PROVIDED ENTRIES: Begin

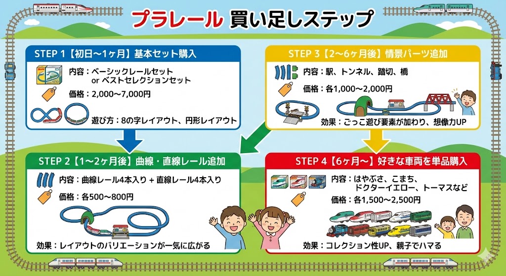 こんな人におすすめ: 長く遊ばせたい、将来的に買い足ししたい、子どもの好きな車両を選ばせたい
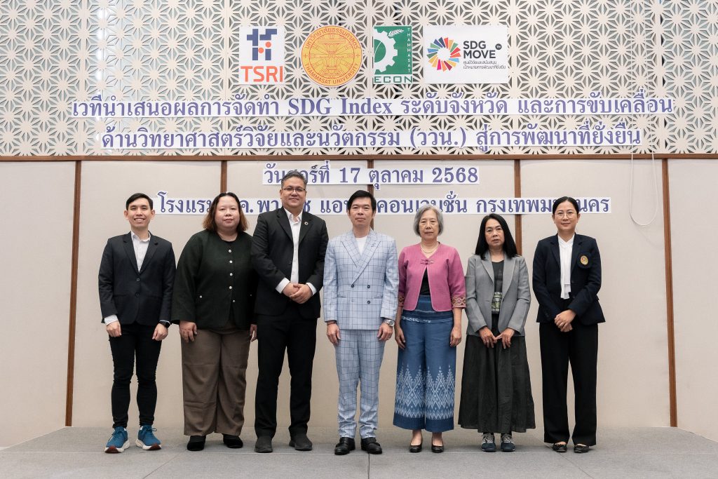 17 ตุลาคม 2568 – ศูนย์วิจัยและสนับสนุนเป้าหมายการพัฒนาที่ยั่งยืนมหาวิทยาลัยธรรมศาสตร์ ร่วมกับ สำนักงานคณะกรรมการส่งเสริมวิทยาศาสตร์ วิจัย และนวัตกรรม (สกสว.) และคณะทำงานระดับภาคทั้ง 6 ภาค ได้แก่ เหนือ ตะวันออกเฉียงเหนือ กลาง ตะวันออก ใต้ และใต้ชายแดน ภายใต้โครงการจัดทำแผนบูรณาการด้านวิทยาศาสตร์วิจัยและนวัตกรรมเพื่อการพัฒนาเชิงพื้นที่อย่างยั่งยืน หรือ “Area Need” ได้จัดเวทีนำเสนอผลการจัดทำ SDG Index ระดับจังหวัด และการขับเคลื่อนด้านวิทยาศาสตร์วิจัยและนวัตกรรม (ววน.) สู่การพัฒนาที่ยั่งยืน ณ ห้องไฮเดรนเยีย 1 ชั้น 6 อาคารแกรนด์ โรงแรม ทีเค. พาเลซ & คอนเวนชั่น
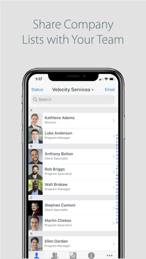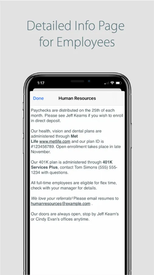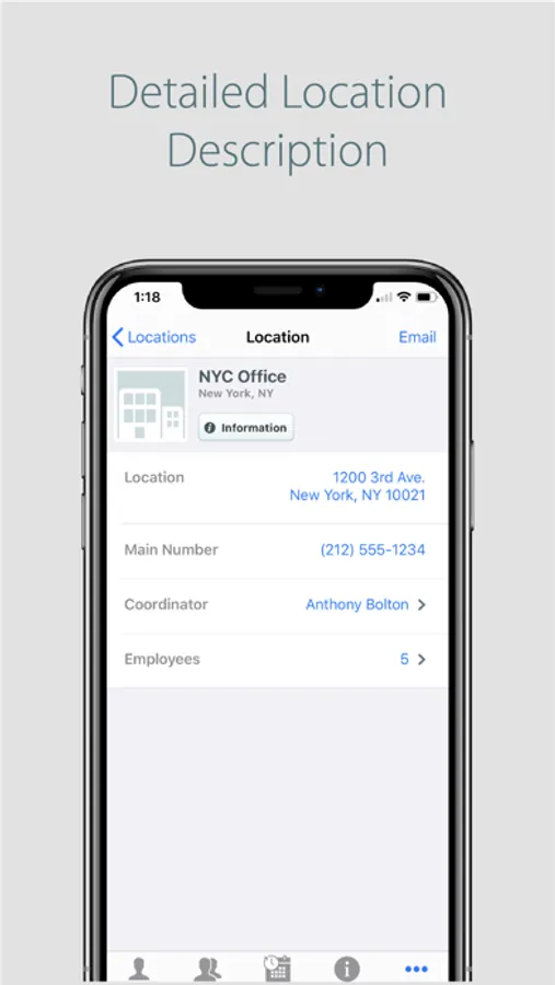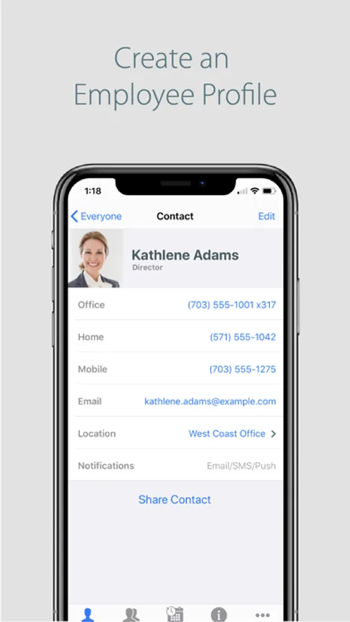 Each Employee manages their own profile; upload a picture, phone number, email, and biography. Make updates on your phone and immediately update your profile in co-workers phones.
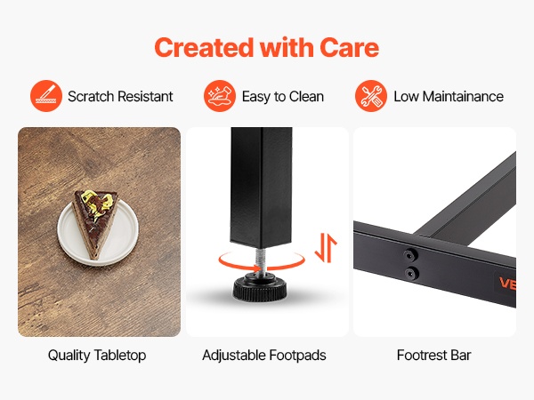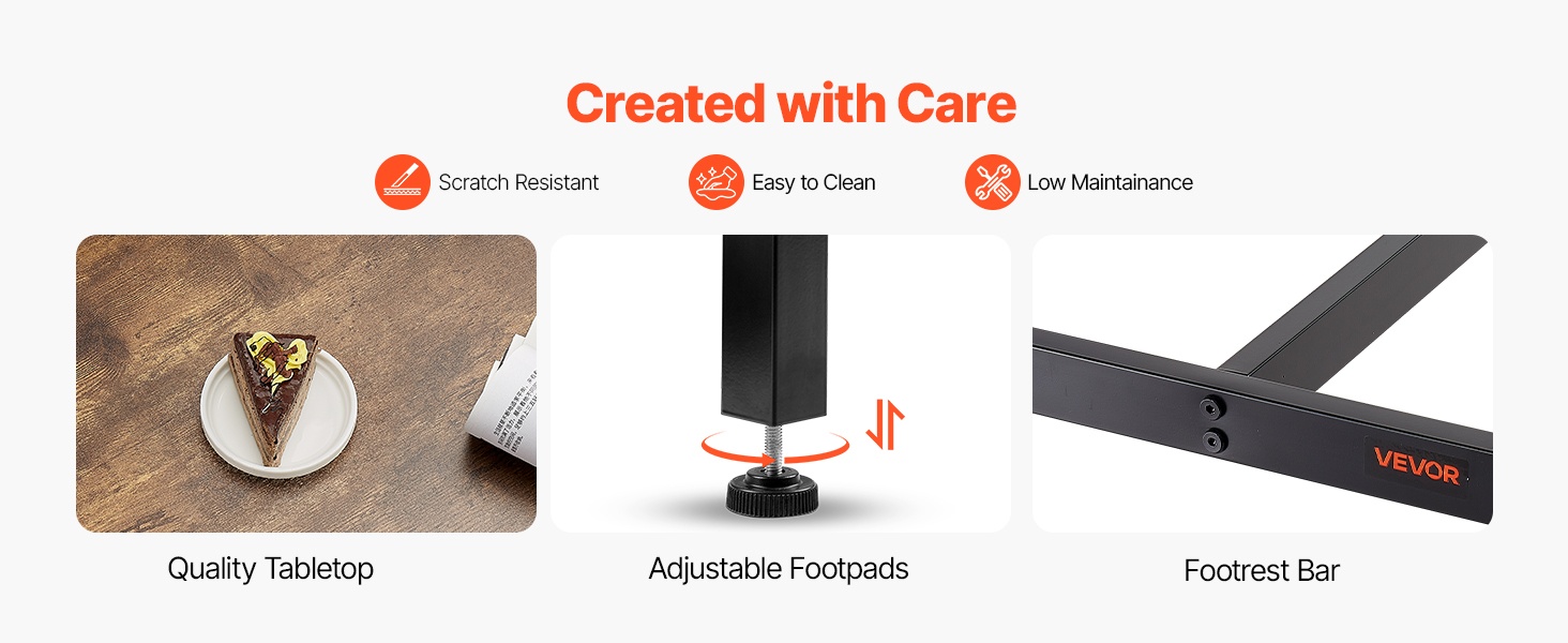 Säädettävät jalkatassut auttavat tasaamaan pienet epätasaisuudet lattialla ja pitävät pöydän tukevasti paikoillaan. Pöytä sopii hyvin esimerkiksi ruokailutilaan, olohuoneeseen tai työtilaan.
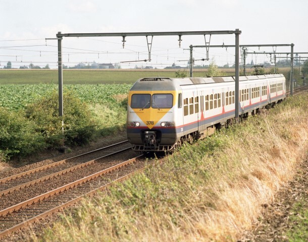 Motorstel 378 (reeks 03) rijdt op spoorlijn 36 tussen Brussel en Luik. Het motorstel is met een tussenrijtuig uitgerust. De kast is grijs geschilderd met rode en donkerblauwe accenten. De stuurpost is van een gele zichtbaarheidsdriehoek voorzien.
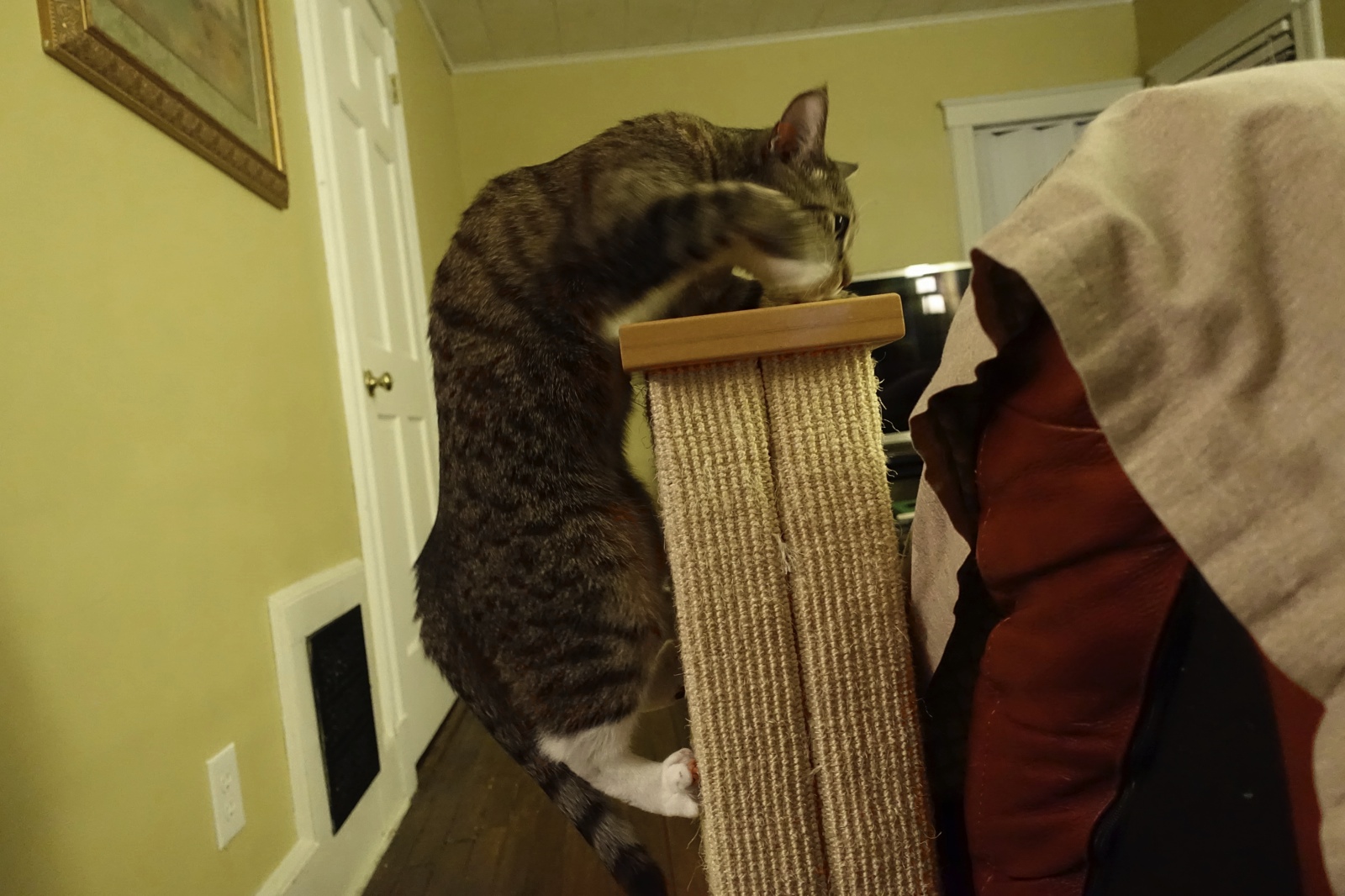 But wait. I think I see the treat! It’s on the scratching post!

PROVIDED ENTRIES: End

_WORK TASK_: All lines from the one containing "Motorstel 378 (reeks" to the last line of the records above, and no others, should be returned unchanged, without pictures.

_RESPONSE TO THIS TASK_:
 Motorstel 378 (reeks 03) rijdt op spoorlijn 36 tussen Brussel en Luik. Het motorstel is met een tussenrijtuig uitgerust. De kast is grijs geschilderd met rode en donkerblauwe accenten. De stuurpost is van een gele zichtbaarheidsdriehoek voorzien.
 But wait. I think I see the treat! It’s on the scratching post!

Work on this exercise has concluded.